Я хотел возразить, но тут вмешался молодой полицейский.

— Смотри, сам попадешь к нам, пока тут рассусоливаешь! — съехидничал он. Швырнул в сторону сигарету, сделал вид, что берет телефонную трубку, а сам изловчился и вытолкал меня за дверь.

Было еще рано. Но не возвращаться же домой. Пришлось отправиться прямо на службу.

III

В перерыв я пригласил С. пообедать. И уже после вспомнил, что у меня нет денег. С. тактично рассеяла мое смущение:

— Ничего, ведь сегодня у меня получка! — весело проговорила она.

— Вот новая фотография, — сказала С. и дала мне карточку, на которой она выглядела еще милее, чем на прежней. Пришлось пообещать, что карточка всегда будет при мне и прочее, в соответствии с уровнем и возрастом моей возлюбленной…

У меня появился было соблазн рассказать ей все, но потом я передумал. Зачем напрасно тревожить ее, когда я сам ничего не могу понять.

Я чувствовал себя так одиноко, словно блуждал в безвоздушном пространстве… Я потерял представление о времени… На работе я ничего не мог делать… К концу дня от внутренней борьбы, похожей на самоедство, я был черно-зеленого цвета.
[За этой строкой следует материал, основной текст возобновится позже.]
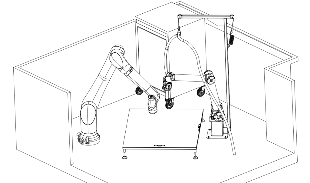 Chaque groupe a ainsi imaginé sa propre version de l’atelier idéal, en y intégrant les deux robots (l’UR10e et le nouveau ROKAE CR20), une nouvelle palette en acier robuste, ainsi qu’une potence indispensable pour soutenir le tuyau d’alimentation.
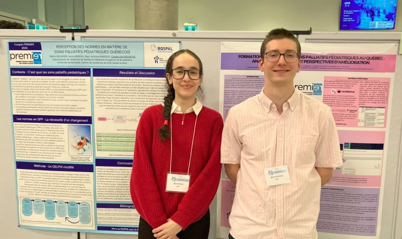 Le projet Réseau SPP vise à réaliser une étude sur les normes, les indicateurs et les besoins de formation en soins palliatifs pédiatriques au Québec. Il est soutenu par le Réseau québécois de recherche en soins palliatifs et de fin de vie que je remercie encore pour cet appui essentiel. Bravo Salma et Mathis pour votre excellent travail très bien synthétisé dans les affiches que vous avez présentées!
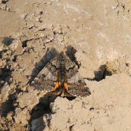 Zie de oranje berkenspanner (Archiearis parthenias).Bekijk de gedetailleerde verschillen met illustraties tussen beide soorten.
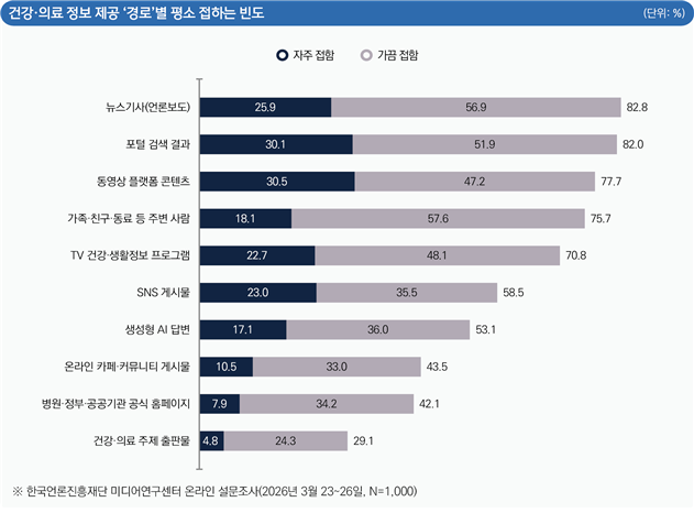 한국언론진흥재단이 15일 발표한 ‘디지털·AI 플랫폼을 통한 건강·의료 정보 소비 및 인식’ 조사 결과에 따르면, 응답자들의 82.8%는 ‘뉴스기사(언론보도)’를 통해 건강·의료 정보를 가장 많이 접하고 있다고 답했다. 그 뒤를 ‘포털 검색 결과(82.0%)’, ‘동영상 플랫폼 콘텐츠(77.7%)’, ‘가족·친구·동료 등 주변 사람(75.7%)’ 등이 이었고, 비교적 최근에 서비스되기 시작한 ‘생성형 인공지능(AI) 답변’은 절반이 조금 넘는 53.1%가 경험한 적이 있다고 답했다.
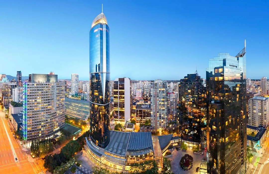 Sheraton Vancouver Wall Centre, a 4-star hotel rated 8.5/10 on Booking.com, features modern amenities, a rooftop terrace, and a variety of on-site dining options, making it suitable for both business and leisure travelers. The hotel is notable for its iconic One Wall Centre, a landmark of downtown's skyline.
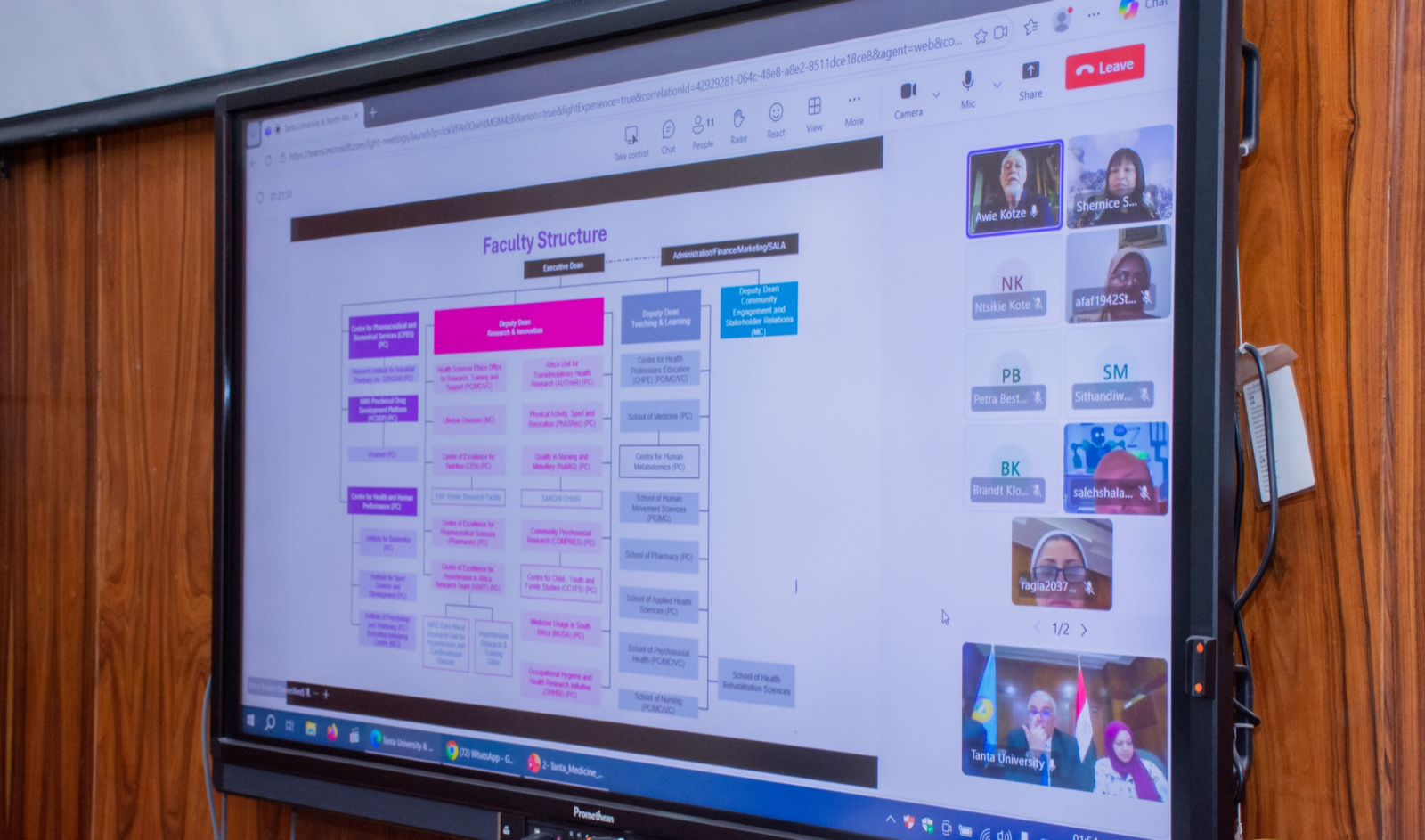 عقد الدكتور محمد حسين، رئيس جامعة طنطا، اليوم، اجتماعاً موسعاً "عن بعد" مع وفد رفيع المستوى من جامعة "نورث وست" North-West University بجمهورية جنوب أفريقيا؛ لبحث آفاق التعاون المشترك في المجالات التعليم والبحث العلمي والابتكار.
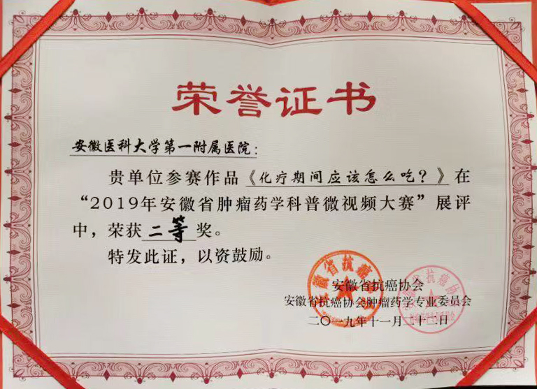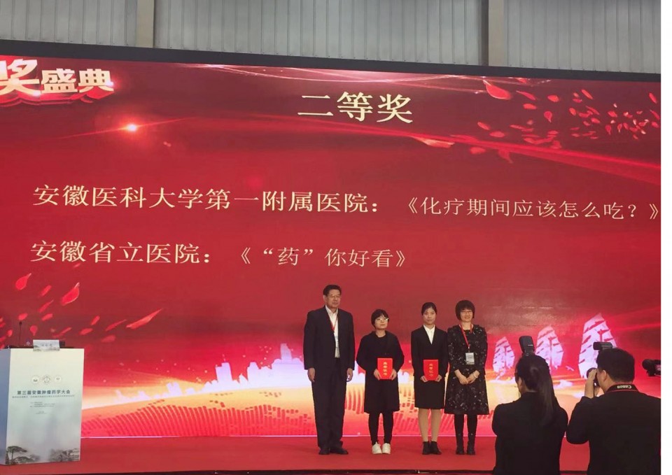 11月22日,我院药剂科的江洁美、何峰、唐艳三位药师创作的药学科普微视频《化疗期间应该怎么吃》,在“2019年安徽省肿瘤药学科普微视频大赛”全省十一家医院选拔出来的参赛作品中,脱颖而出,获得了总分第二名的好成绩。安徽省抗癌协会,安徽省抗癌协会肿瘤药学专业委员会为获奖者颁发了二等奖荣誉证书。据悉,近年来,药剂科一直致力于药学科普的创作和宣传工作。通过建立药学服务微信公众号,结合热点问题,进行科普文章推送;与安徽省广播电台合作建立“用药那些事儿”抖音账号,制作了儿科用药、夏季用药用药、消化科用药等常见用药问题的科普视频;走进基层、走进社区、走进贫困村开展线下合理用药科普宣教;组织和编写了大型药学知识普及丛书《药,你用对了吗?》,并评为2019安徽省优秀科普作品。
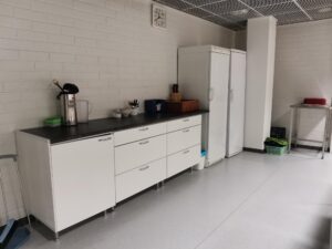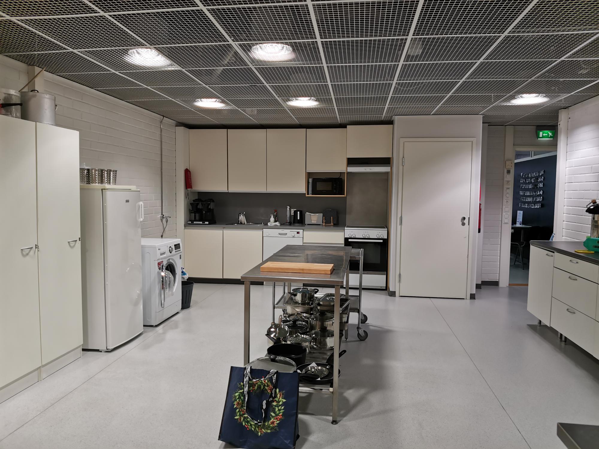 Keittiö: Kotikeittiövälineet, liesi, jääkaappi, pakastin, astianpesukone, uuni, mikroaaltouuni, kahvinkeitin, vedenkeitin, tehosekoitin, sähkövatkain, ruoanlaitto- ja leivontatarvikkeita. Kokouskattaus 20 henkilölle.
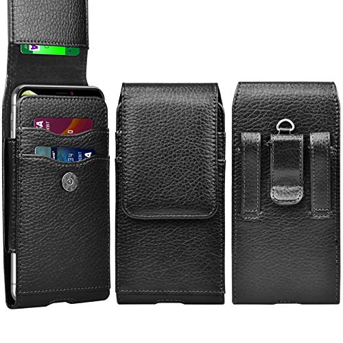 The WiDEORnate Heavy Duty Cell Phone Holster Pouch is a versatile accessory that provides convenience and protection for your smartphone. Made with premium PU leather and a soft microfiber inner lining, it keeps your device secure and safeguarded against scratches, dirt, and light rain splashes. The holster features a 360° rotatable belt clip, allowing you to wear it on your waistband in either a vertical or horizontal position, or simply place it in your trouser pocket. It also includes three card slots for holding ID cards, credit cards, business cards, keys, coins, and cash. With a magnetic closure, it provides quick and easy access to your phone. Compatible with various phone models, this holster is suitable for daily use, work, walking, running, riding, and fishing. Overall, it offers excellent quality and functionality to meet your travel accessory needs.
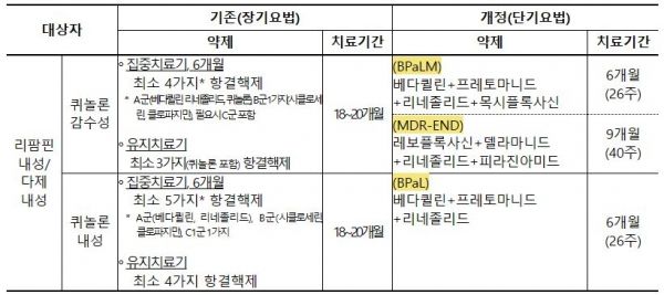 이에 질병청은 단기요법에 사용되는 약제의 급여기준을 개선해 내달 1일부터 요양급여를 적용하기로 했다. 단 요양급여를 적용받으려면 질병청 ‘다제내성결핵 치료 신약 사전심사’를 통해 승인받아야 하며 자세한 신청 및 절차는 사전심사 안내서*를 통해 확인할 수 있다.
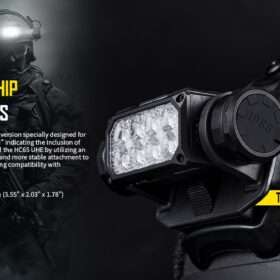 NVG Mountable Tactical Headlamp –Â The HC65M UHE can easily snap into a tactical or ballistics helmet with a NVG mounting bracket. Its wide angle beam with five brightness levels provides up close and middle range illumination. You can also swivel the headlamp up and down to easily adjust the beam direction. Its durable metal construction and an IPX8 waterproof rating ensure this headlamp can withstand indoor and outdoor elements and is ready for your next mission!
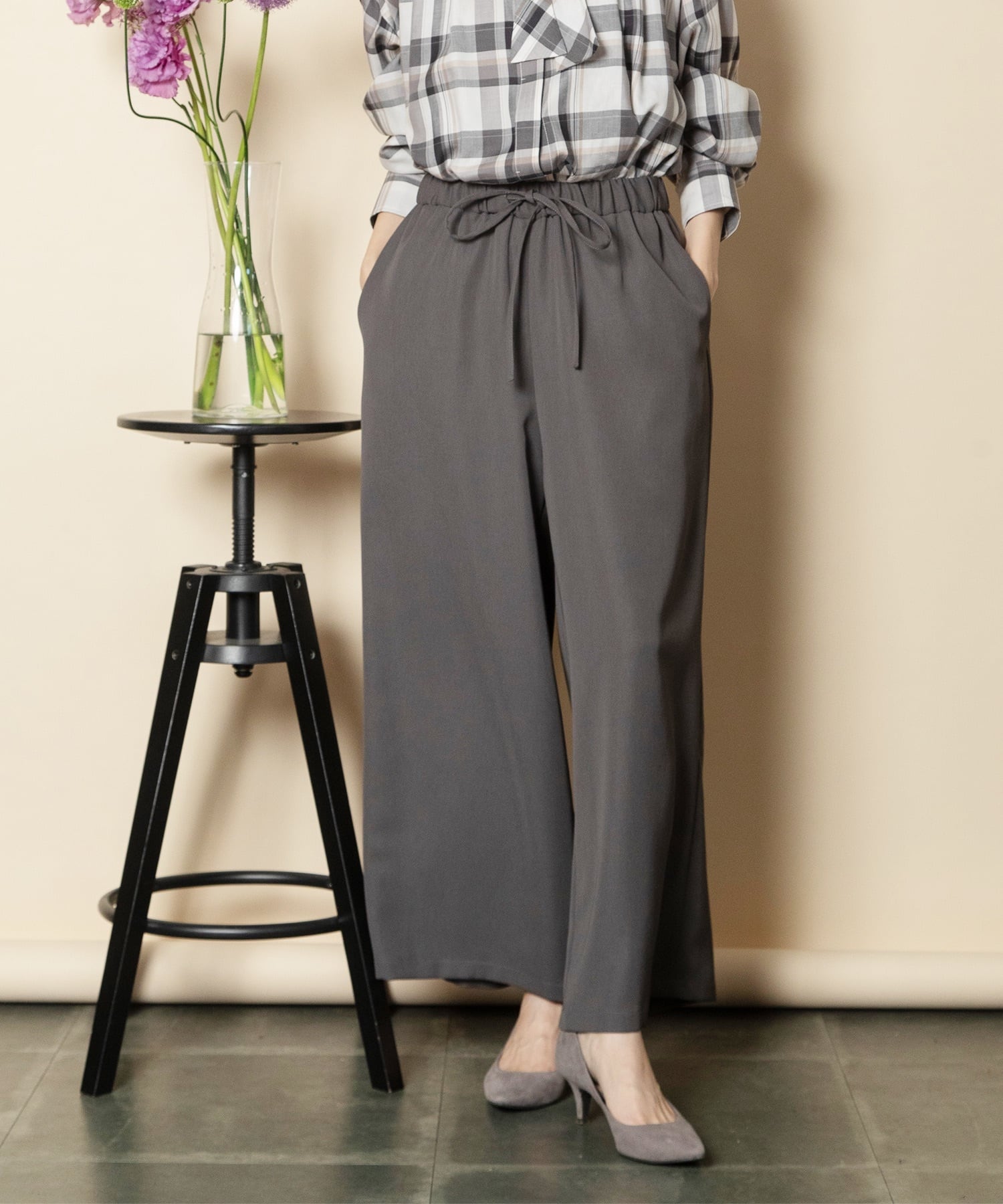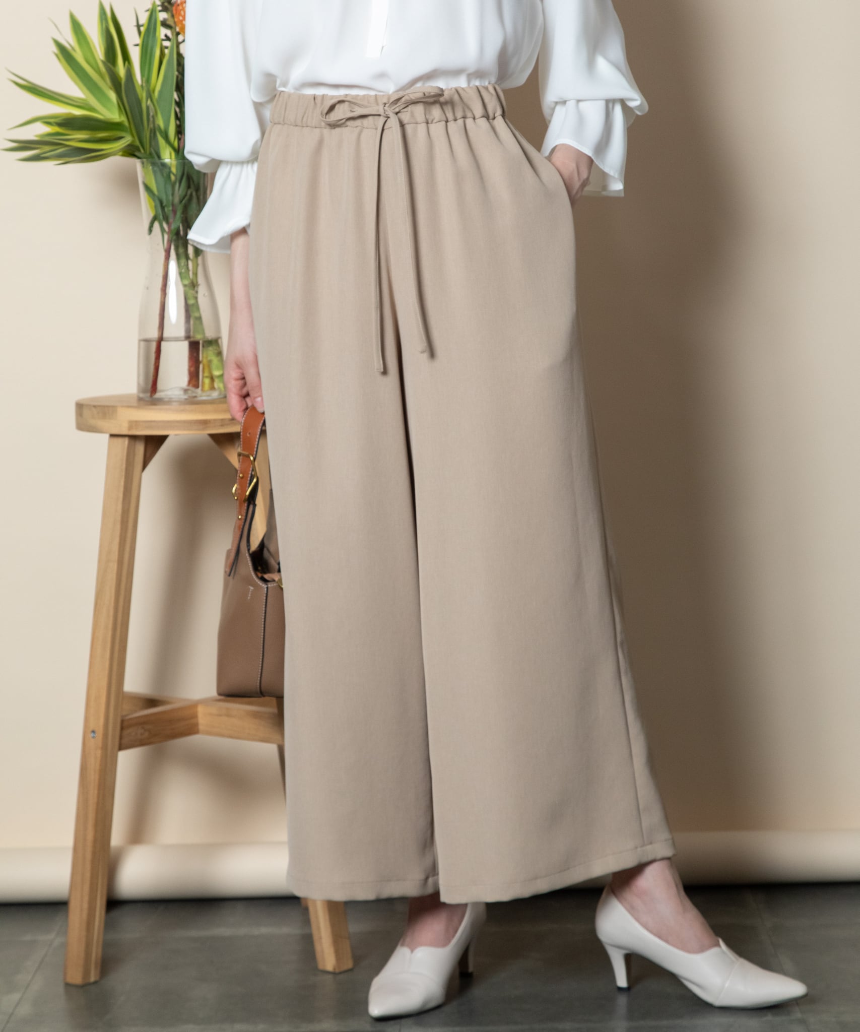 一枚あると重宝するキレイめのワイドイージーパンツ。ウエストはリボンゴム仕様、裾にかけて広がる美しいスーパーワイドフレアライン。

Но зато принял решение: дам бой пришельцам!

Уходя со службы, я без особых объяснений сунул в руки С. (которая, как всегда, поджидала меня, а тут еще была за меня и встревожена) конверт с жалованьем.

— Пожалуйста, спрячь пока у себя. Завтра воскресенье, сходим хотя бы в кино, я за тобой зайду.

Едва договорив, я поспешил прочь. Но потом не выдержал и оглянулся: у С. было такое лицо, какие бывают на картинах Пикассо. Мне трудно выразить это словами, но она стояла словно в другом измерении, весь облик ее был неорганический и расчлененный.

Одним духом миновал я свой двор и кинулся к лестнице. Тут меня настиг женский голос.

— К-сан! Какие забавные у вас гости! — Это ехидно ухмылялась вдовушка.

Я хотел было ответить ей крепким словцом насчет ее делишек с одним из моих гостей, но сдержался.

В комнате все семейство, усевшись в кружок, вкушало ужин. Утерев ладонью губы, господин расплылся в улыбке.

— А, пришел! А утром и завтрака не приготовил, как же это? — Лицо его вдруг стало страшным. — Мы весьма огорчены, что ты ушел, даже не заварив чаю. Если так пойдет дальше…

Тут и дама оторвалась от чашки:

— Если так пойдет дальше…

Господин продолжил свою мыслью:

— Дело будет плохо. Мы тут разрывались на части: покупали посуду, разводили огонь. В незнакомом месте свалить на нас кучу непривычных дел, куда это годится! Впредь учти. Пришлось из твоего тощего кошелька обзаводиться утварью, так что ни гроша не осталось. Хорошо еще, что сегодня тебе выдали жалованье. Впредь, чтобы не было лишних огорчений, рекомендую все делать, посоветовавшись с нами.

Словно кончики чьих-то пальцев прикоснулись к моему воспаленному лицу и охладили его. Я вдруг начисто забыл все слова, в изобилии заготовленные по дороге.

— Что ты расселась? Встань-ка! — сказал господин старшей дочери, сидевшей с краю.

Она поднялась, улыбаясь мне одними глазами, а я, сам того не желая, сел на ее место. Не успел я перевести дух, как старший сын обратился ко мне:

— Может, ты сначала уберешь посуду и приготовишь чай?

Тут я вскочил и, не помня себя, заговорил так, будто кубарем покатился в пропасть:

— Хватит валять дурака! Я не обязан! Больше того, я попрошу вас убраться восвояси. Отныне не уступлю ни в чем. Благоволите собираться!

— Собираться? И не подумаем! — с явной издевкой откликнулся второй сын.

Все громко засмеялись, даже младенец покатился со смеху. Меня кинуло в дрожь, и в глазах закололо.

— Человек не имеет навыков современного образа жизни. Смеяться над ним жестоко, — такими словами девушка смягчила обстановку. Если бы не она, со мной наверняка случились бы конвульсии, как у больного истерией.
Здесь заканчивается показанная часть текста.